Re: [sqlite] How to search for fields with accents in UTF-8 data?

2017-06-20 Thread Olivier Mascia
> Le 20 juin 2017 à 15:56, Simon Slavin  a écrit :
> 
> The console you see is pretty-much the one which was in Windows 3.1.  It does 
> not use the modern API written post-unicode, it calls the old 
> single-character Windows routines which are still in Windows so old programs 
> don’t suddenly stop working.  It has numerous parts which assume
> 
> one keypress == one character == one octet == one space on the display

The console I/O can be used to enter (keyboard) not-so-basic unicode codepoints 
and the output can be sent pretty much anything you want, as long as the font 
selected in the console has been built with enough support for the eventually 
exotic glyphs you want to output.  That's the application you run in the 
console that has to use the right APIs for the job 
(ReadConsoleW/WriteConsoleW).  The support of these goes back to Windows 2000.

With some modified sqlite3.exe using those, here is what I can type 
interactively at the console:

SQLite version 3.19.3 2017-06-08 14:26:16
Enter ".help" for usage hints.
Connected to a transient in-memory database.
Use ".open FILENAME" to reopen on a persistent database.
sqlite> create table é€(a text);
sqlite> insert into é€ values('ñ');
sqlite> select * from é€;
ñ
sqlite> .once a.txt
sqlite> .dump
sqlite> .q

Here is the content of the file as seen on console when doing "type a.txt":

PRAGMA foreign_keys=OFF;
BEGIN TRANSACTION;
CREATE TABLE ├®Ôé¼(a text);
INSERT INTO "├®Ôé¼" VALUES('├▒');
COMMIT;

You can see the UTF-8 output sent to the dump file is correct - open it with 
notepad for instance. Side note: the system command "type" is not able to 
display it unless you do a CHCP 65001. It just proves I could type characters 
on the keyboard input which do not follow the concept 'one keypress - one 
character - one octet - one space on the display'.

-- 
Best Regards, Meilleures salutations, Met vriendelijke groeten,
Olivier Mascia, http://integral.software


___
sqlite-users mailing list
sqlite-users@mailinglists.sqlite.org
http://mailinglists.sqlite.org/cgi-bin/mailman/listinfo/sqlite-users


Re: [sqlite] How to search for fields with accents in UTF-8 data?

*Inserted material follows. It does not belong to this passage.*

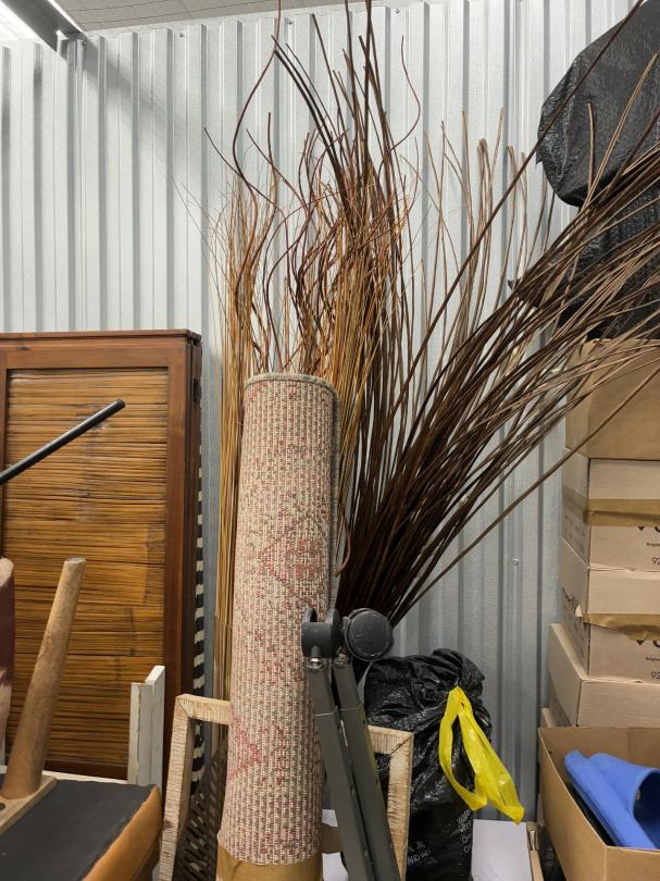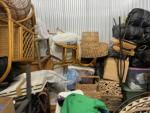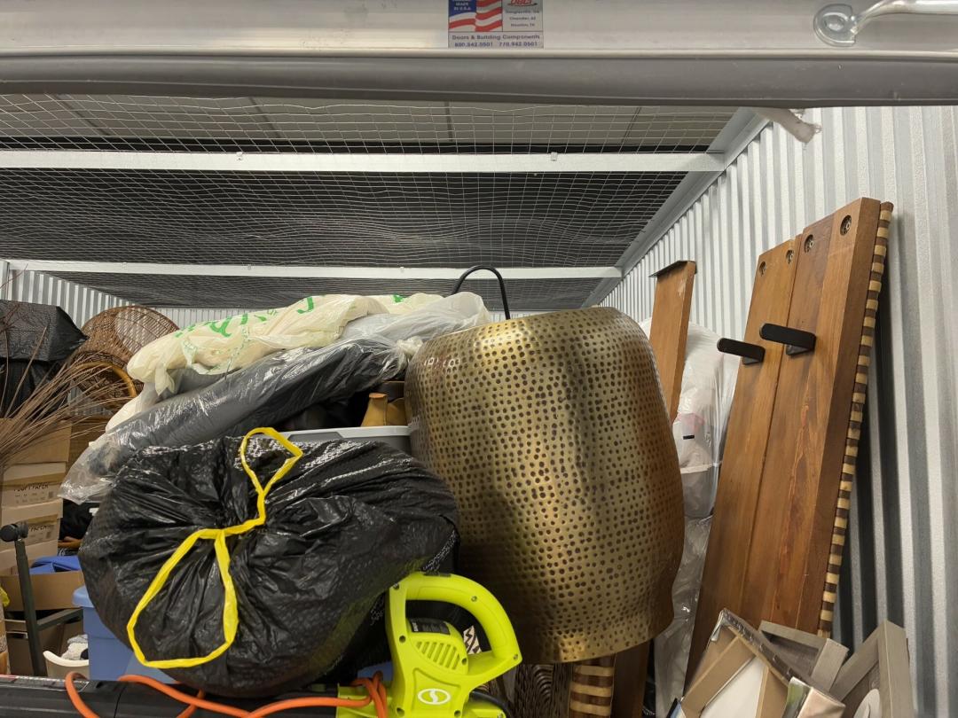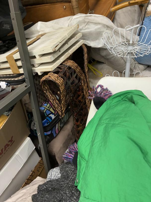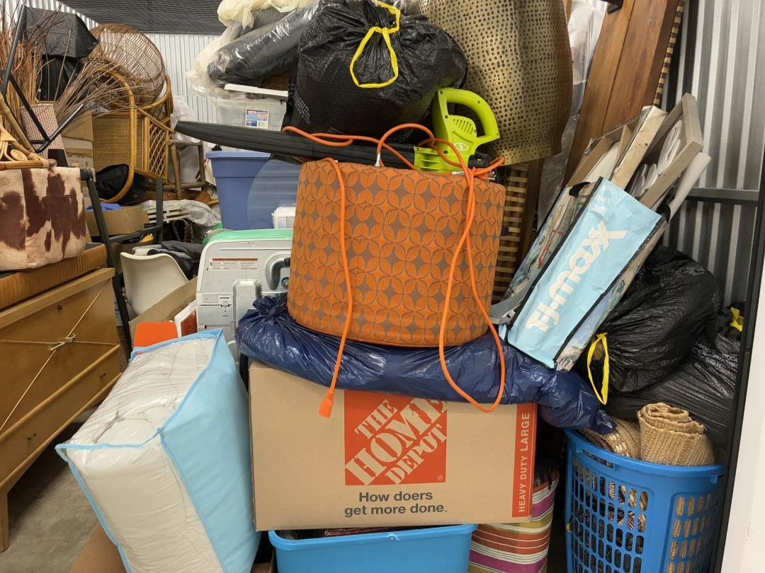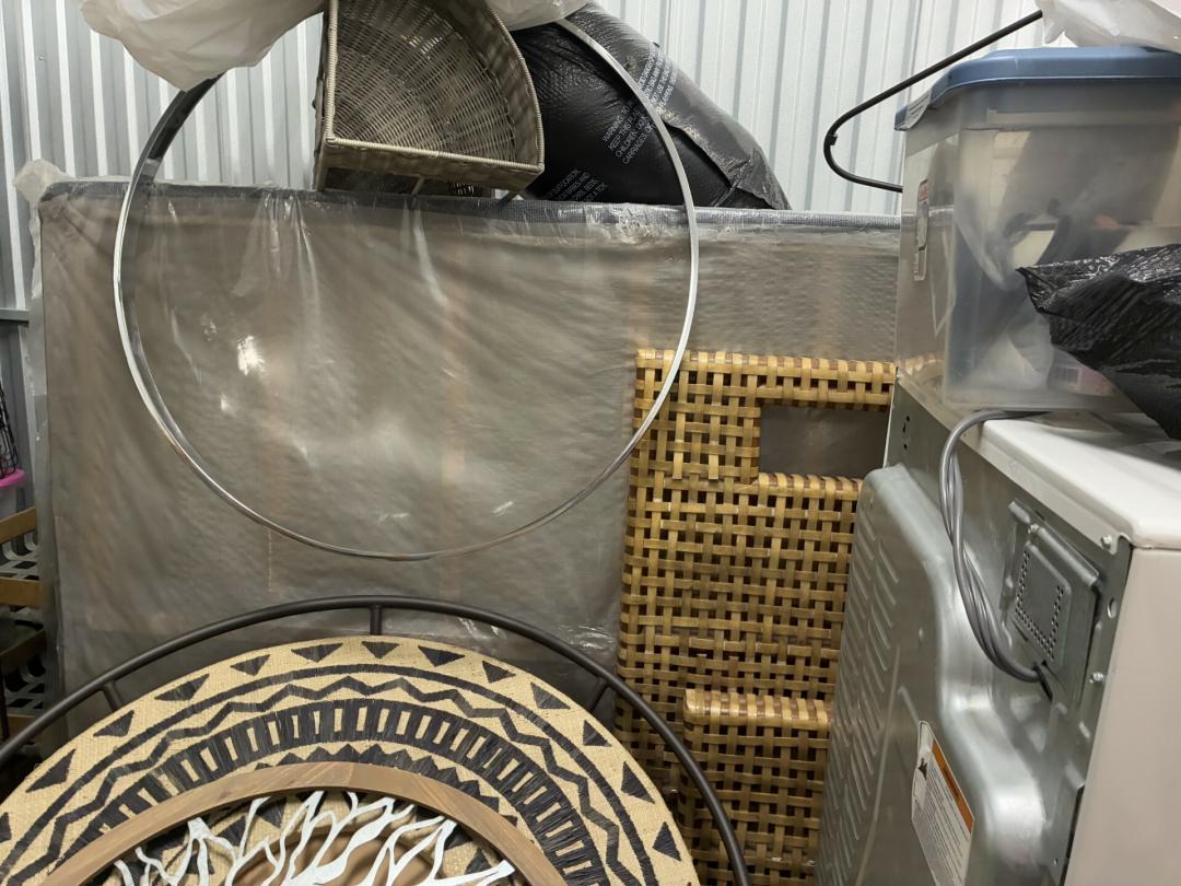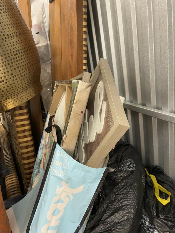 This unit appears to contain…Wicker Furniture, washer-dryer, tv-tv stand, couch, chairs, room divider, pictures, bamboo decor, rugs, purses, 2 audubon's, mattress-frame-head & foot board, planter, bedding, shoes, clothes, coats, leaf blower & bags of misc. items

2017-06-20 Thread Olivier Mascia
> Le 20 juin 2017 à 15:24, R Smith  a écrit :
> 
> As an aside - I never understood the reasons for that. I get that Windows has 
> a less "techy" clientèle than Linux for instance, and that the backwards 
> compatibility is paramount, and that no console command ever need fall 
> outside the 7-bit ANSI range of characters... but geez, how much effort can 
> it be to make it Unicode-friendly? It's not like the Windows API lacks any 
> Unicode functionality - even Notepad can handle it masterfully.

I wouldn't like looking like I'm trolling this subject, but this is only a 
matter of I/O functions used by programs built to interact with the display and 
keyboard when run in a console. Windows needs those programs to use 
ReadConsoleW/WriteConsoleW to do the proper thing.  Those programs using C 
library to read or output byte streams can't do anything equivalent no matter 
what 'codepage' is set to be used or to/from what DBCS the program attempts 
conversion to/from.

I learned this postulat here last year and have had excellent success with 
console I/O ever since in my programmings.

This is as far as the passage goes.